Exploration & Appraisal – High impact and near field exploration and appraisal programme continuing

  • The Iris/Hades well (Faroe 20%) spud in November 2017, targeting two separate formations, one Cretaceous and the other Jurassic. Well results are expected in the coming weeks.
  • The Fogelberg appraisal well (Faroe 28%) commenced drilling in February 2018 with the main objective of narrowing the range in the resources estimate of between 105 and 530 bcf (between 19 and 116 mmboe including the condensate) and to provide additional information for development planning.
  • In H2 2018, Faroe expects to drill the operated Rungne (40%) exploration well. Rungne is located in licence PL825 immediately north of the Oseberg field in the Northern North Sea. The primary target will be the Middle Jurassic Oseberg Formation, with secondary targets in the Etive, Ness and Tarbert formations. The unrisked gross resources (100%) are estimated to be c. 70 mmboe. Work is ongoing to secure a rig for this drilling operation.
  • The Cassidy exploration well (Faroe 15%) is also expected to be drilled in H2 2018, back-to-back with the production wells in Oda. Cassidy sits within the PL405 Oda licence to the north of Oda in the Southern North Sea. The well will target a prospect with the same Jurassic Ula formation level as the Oda field with gross unrisked potential of c. 50 mmboe.
  • Two further exploration wells have been committed to recently – the Statoil operated Pabow prospect (1) (Faroe 20%) and the Wintershall operated Yoshi prospect (2) (Faroe 30%).
  • Progress is being made in the seismic interpretation of Brasse and the evaluation of the potential for adding further resources to Brasse in northern and eastern directions. A possible exploration and appraisal well to target this area is currently being considered for drilling in late 2018 or 2019.

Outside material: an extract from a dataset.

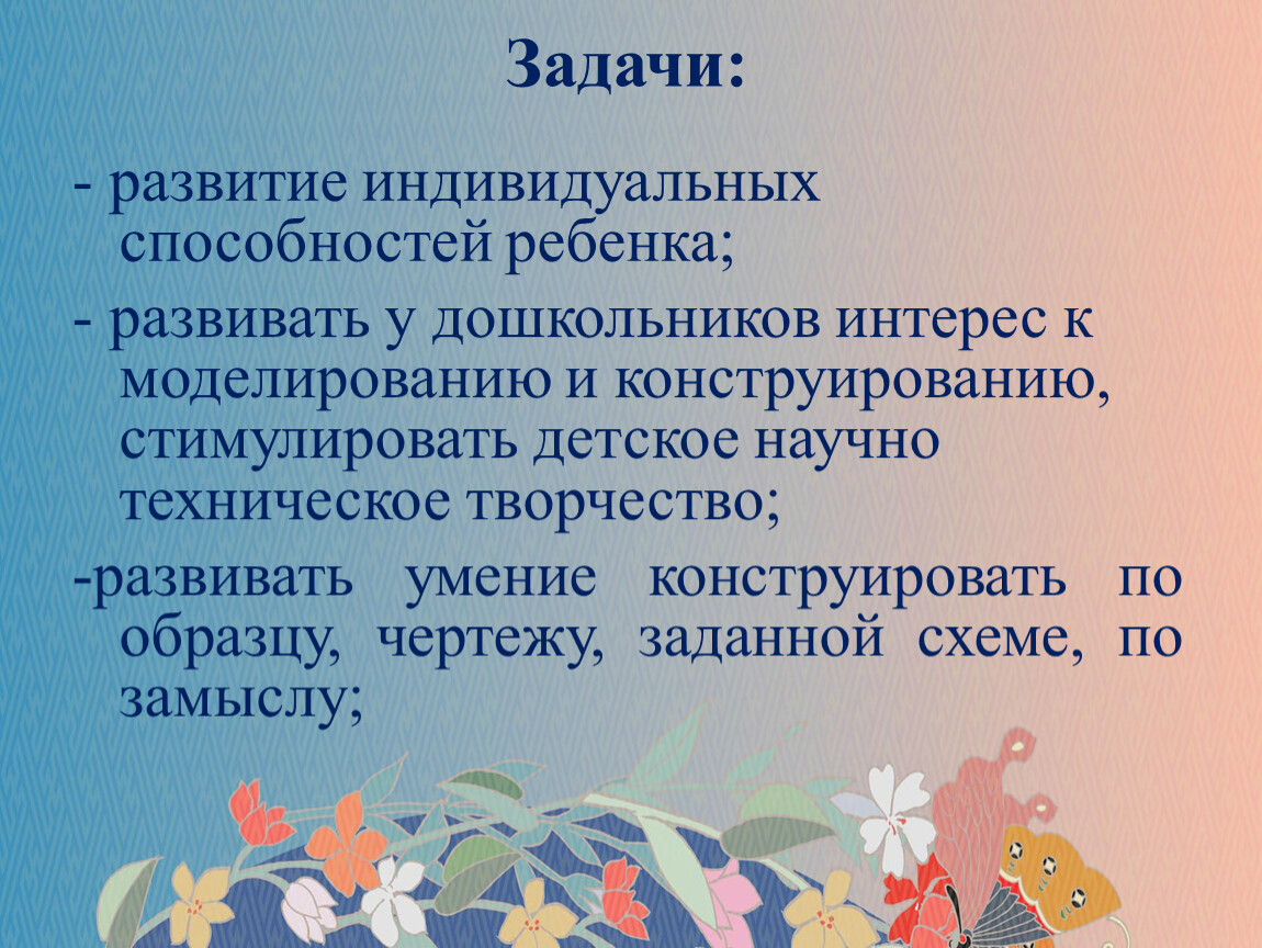 - развивать у дошкольников интерес к моделированию и конструированию, стимулировать детское научно техническое творчество;

Financial – Faroe ended 2017 in a robust and differentiated financial position with significant cash reserves, enhanced production cashflow and an undrawn seven year RBL facility of $250 million

  • 2017 year-end unaudited cash was approximately £149 million and net cash (net of the 2017 NOK Bond) was £75 million
  • 2017 exploration and appraisal capex was approximately £48 million pre-tax (£11 million post-tax) and development and production capex was approximately £96 million (unaudited)
  • 2018 exploration and appraisal capex is estimated to be approximately £80 million pre-tax (£20 million post-tax) and development and production capex approximately £175 million, split as follows:
  • Njord Area: £57 million
  • Ula Area: £96 million
  • Brage Area: £22 million
  • 2018 decommissioning costs is expected at approximately £13 million
  • Opex in 2018 is expected to be between $23-27 per boe
  • 2018 hedging programme in place to underpin value:
  • approximately 70% of gas production hedged on a post-tax basis at average price of 42.5p/therm, mainly with put options
  • approximately 60% of post-tax oil production hedged at $57/bbl, all with put options

(1) Pabow is located on the western flank of the Stord Basin in licence PL870 to the east of the Utsira High and the Ringhorne East field in the Northern North Sea. The primary target in the Lower Jurassic Statfjord Group has a gross (100%) unrisked gas resources potential of c. 70 mmboe, and with considerable upside. The well is expected to be drilled in late 2018 or in 2019.

(2) Yoshi is located in licence PL 836 S immediately to the south-west of the Smørbukk South Field and West of the former Faroe Maria Field in the Norwegian Sea. The Jurassic Fangst Group reservoirs, proven and effective in numerous nearby fields, are expected to be present within a fault bounded structural closure on the licence. Gross (100%) unrisked resources of c. 30 MMboe have been estimated. The well is expected to be drilled in 2019.